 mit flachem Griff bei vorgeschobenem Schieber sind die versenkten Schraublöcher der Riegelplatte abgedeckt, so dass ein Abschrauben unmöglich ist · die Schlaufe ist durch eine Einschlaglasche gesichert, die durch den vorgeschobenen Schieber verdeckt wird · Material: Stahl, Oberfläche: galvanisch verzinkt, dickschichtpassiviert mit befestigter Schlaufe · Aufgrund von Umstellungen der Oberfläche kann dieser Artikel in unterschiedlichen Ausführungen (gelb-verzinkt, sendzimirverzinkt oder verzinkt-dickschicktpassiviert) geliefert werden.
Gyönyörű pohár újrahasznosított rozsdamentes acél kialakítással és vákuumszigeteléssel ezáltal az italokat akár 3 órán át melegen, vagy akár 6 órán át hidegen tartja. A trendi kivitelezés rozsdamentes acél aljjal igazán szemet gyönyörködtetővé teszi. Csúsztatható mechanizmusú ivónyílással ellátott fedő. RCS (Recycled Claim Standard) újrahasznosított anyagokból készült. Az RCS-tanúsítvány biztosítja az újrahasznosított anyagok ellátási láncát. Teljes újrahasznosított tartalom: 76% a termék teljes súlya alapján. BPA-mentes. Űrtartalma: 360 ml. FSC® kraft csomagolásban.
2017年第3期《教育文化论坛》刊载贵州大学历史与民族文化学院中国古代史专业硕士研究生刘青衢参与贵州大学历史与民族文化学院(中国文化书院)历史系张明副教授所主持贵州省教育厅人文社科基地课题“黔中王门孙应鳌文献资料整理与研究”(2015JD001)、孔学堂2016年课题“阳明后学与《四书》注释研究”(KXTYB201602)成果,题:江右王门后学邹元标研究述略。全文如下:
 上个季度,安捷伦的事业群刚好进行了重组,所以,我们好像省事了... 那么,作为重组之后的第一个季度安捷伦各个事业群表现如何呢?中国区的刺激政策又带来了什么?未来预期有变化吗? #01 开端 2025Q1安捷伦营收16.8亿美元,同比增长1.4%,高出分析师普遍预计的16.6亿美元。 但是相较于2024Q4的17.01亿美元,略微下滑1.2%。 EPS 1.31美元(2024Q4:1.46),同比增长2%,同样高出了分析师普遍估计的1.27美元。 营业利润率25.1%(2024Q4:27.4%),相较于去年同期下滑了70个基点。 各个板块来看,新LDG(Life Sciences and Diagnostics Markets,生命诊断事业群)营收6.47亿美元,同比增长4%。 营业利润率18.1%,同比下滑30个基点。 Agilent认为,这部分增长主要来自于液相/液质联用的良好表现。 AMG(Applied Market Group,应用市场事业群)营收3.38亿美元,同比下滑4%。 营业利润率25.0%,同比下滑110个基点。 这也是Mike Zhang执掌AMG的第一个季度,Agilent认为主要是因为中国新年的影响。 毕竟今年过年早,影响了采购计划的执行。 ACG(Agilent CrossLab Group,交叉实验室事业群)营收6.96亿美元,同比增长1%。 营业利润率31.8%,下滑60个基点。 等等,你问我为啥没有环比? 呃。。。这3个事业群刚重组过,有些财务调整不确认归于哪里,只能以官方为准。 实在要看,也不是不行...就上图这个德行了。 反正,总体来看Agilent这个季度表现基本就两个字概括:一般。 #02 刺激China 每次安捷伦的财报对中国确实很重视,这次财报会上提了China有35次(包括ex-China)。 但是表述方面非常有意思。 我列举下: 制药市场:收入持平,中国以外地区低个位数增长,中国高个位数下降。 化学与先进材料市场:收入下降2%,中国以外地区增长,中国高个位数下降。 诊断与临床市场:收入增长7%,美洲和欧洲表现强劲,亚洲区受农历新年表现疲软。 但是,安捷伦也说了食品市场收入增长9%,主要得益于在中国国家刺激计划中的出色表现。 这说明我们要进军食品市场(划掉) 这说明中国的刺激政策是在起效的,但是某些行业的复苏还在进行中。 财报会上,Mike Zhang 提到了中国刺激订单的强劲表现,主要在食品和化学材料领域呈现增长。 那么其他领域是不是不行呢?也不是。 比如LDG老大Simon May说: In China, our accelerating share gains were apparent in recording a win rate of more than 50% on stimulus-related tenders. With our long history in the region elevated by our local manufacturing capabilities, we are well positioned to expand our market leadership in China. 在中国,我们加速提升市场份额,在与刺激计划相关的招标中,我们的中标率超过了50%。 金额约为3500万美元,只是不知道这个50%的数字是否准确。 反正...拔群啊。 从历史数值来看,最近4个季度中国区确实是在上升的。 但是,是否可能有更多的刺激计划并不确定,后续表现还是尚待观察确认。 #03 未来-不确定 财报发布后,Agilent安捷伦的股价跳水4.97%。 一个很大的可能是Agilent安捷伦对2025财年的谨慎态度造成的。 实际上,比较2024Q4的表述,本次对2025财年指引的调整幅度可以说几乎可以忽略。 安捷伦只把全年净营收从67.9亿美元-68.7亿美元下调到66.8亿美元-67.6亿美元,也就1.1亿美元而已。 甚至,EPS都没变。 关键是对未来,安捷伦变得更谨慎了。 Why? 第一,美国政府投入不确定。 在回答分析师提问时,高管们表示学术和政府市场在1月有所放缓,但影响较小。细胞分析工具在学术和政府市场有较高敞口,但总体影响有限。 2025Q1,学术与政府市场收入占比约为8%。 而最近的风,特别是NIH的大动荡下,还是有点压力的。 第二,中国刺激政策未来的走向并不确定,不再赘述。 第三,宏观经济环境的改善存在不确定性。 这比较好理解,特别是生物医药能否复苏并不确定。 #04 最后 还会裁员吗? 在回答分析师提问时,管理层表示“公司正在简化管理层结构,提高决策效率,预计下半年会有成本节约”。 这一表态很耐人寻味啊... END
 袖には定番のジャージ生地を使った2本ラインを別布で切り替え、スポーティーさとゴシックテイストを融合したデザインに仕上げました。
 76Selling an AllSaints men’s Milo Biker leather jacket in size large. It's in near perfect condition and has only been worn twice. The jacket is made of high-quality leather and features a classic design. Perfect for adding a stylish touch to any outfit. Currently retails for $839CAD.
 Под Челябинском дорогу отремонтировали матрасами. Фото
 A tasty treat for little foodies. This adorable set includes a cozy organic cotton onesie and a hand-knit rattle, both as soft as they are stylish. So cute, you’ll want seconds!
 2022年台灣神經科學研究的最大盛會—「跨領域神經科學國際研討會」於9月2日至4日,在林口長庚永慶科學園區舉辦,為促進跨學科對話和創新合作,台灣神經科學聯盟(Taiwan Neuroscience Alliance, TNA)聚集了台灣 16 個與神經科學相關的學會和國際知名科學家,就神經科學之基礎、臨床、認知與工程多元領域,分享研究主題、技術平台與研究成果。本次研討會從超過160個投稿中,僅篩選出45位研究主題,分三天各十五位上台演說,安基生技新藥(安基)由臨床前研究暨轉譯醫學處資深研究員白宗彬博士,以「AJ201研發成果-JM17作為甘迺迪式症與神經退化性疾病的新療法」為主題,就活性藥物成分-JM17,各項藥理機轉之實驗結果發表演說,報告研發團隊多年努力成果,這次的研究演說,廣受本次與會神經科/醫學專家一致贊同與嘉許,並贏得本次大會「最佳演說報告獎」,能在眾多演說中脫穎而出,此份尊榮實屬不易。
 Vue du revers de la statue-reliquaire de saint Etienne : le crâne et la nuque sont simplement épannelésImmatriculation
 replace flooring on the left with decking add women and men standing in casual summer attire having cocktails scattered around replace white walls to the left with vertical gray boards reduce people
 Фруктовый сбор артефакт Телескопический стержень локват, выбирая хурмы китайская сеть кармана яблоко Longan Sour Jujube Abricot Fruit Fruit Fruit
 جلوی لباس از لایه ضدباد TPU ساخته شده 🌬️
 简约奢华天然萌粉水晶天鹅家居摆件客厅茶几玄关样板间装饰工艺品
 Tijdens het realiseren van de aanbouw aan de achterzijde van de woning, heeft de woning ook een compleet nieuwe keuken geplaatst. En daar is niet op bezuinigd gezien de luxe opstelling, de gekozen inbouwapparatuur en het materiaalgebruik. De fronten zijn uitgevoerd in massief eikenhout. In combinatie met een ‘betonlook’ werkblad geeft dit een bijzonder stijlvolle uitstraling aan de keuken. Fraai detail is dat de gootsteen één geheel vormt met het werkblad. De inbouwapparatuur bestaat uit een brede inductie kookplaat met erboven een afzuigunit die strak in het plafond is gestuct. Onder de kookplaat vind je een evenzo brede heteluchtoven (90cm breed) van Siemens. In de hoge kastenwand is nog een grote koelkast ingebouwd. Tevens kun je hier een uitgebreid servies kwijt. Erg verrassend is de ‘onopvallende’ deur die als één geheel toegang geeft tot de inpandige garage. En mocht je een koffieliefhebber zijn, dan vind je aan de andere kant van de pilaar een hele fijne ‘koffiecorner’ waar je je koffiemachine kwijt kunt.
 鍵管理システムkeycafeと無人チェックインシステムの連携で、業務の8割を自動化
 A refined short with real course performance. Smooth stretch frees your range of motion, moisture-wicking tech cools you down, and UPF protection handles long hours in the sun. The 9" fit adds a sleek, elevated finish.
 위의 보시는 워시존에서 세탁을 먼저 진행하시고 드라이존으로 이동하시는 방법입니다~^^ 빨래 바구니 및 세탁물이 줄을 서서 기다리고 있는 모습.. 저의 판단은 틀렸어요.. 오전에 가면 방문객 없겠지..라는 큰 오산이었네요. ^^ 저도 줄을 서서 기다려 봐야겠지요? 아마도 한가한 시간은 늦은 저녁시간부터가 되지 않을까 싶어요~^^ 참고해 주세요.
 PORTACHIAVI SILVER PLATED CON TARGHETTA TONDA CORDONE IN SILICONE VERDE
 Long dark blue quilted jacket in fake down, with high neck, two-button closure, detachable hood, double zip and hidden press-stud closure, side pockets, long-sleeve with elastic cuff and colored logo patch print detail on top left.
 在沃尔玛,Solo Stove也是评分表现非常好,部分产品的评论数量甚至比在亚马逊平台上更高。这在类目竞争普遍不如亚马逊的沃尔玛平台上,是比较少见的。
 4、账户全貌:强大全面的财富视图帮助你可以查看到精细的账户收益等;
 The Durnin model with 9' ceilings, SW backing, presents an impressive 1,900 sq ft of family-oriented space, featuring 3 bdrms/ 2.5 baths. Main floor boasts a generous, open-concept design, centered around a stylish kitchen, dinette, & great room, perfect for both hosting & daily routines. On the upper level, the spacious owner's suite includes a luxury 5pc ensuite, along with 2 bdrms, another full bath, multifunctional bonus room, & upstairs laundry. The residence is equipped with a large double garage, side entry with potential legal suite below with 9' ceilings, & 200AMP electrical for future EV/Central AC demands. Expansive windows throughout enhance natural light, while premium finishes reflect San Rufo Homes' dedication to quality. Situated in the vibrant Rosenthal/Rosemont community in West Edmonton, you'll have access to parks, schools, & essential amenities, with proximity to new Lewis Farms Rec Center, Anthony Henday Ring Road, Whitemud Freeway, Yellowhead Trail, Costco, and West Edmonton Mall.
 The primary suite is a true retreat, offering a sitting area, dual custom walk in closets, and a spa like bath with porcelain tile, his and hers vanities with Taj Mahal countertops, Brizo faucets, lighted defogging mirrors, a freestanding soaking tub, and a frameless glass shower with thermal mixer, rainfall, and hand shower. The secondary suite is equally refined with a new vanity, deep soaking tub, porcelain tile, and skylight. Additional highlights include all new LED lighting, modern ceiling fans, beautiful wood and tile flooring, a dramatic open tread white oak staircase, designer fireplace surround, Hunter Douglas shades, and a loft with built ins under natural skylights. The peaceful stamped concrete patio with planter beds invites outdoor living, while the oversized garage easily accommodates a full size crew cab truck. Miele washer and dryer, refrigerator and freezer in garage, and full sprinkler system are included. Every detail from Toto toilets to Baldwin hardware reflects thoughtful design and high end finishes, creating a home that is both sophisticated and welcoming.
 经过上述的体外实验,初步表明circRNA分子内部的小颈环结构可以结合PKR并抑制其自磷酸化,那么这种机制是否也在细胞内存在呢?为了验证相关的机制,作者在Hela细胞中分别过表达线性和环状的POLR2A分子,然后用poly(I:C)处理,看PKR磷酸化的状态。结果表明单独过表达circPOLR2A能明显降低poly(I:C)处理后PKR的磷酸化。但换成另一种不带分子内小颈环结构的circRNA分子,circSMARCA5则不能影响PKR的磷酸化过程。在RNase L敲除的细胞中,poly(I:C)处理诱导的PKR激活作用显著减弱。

**Task:**
From the records above, give again exactly the lines running from the line with "A tasty treat" to the line with "Vue du revers", inclusive.

**Solution below:**
 A tasty treat for little foodies. This adorable set includes a cozy organic cotton onesie and a hand-knit rattle, both as soft as they are stylish. So cute, you’ll want seconds!
 2022年台灣神經科學研究的最大盛會—「跨領域神經科學國際研討會」於9月2日至4日,在林口長庚永慶科學園區舉辦,為促進跨學科對話和創新合作,台灣神經科學聯盟(Taiwan Neuroscience Alliance, TNA)聚集了台灣 16 個與神經科學相關的學會和國際知名科學家,就神經科學之基礎、臨床、認知與工程多元領域,分享研究主題、技術平台與研究成果。本次研討會從超過160個投稿中,僅篩選出45位研究主題,分三天各十五位上台演說,安基生技新藥(安基)由臨床前研究暨轉譯醫學處資深研究員白宗彬博士,以「AJ201研發成果-JM17作為甘迺迪式症與神經退化性疾病的新療法」為主題,就活性藥物成分-JM17,各項藥理機轉之實驗結果發表演說,報告研發團隊多年努力成果,這次的研究演說,廣受本次與會神經科/醫學專家一致贊同與嘉許,並贏得本次大會「最佳演說報告獎」,能在眾多演說中脫穎而出,此份尊榮實屬不易。
 Vue du revers de la statue-reliquaire de saint Etienne : le crâne et la nuque sont simplement épannelésImmatriculation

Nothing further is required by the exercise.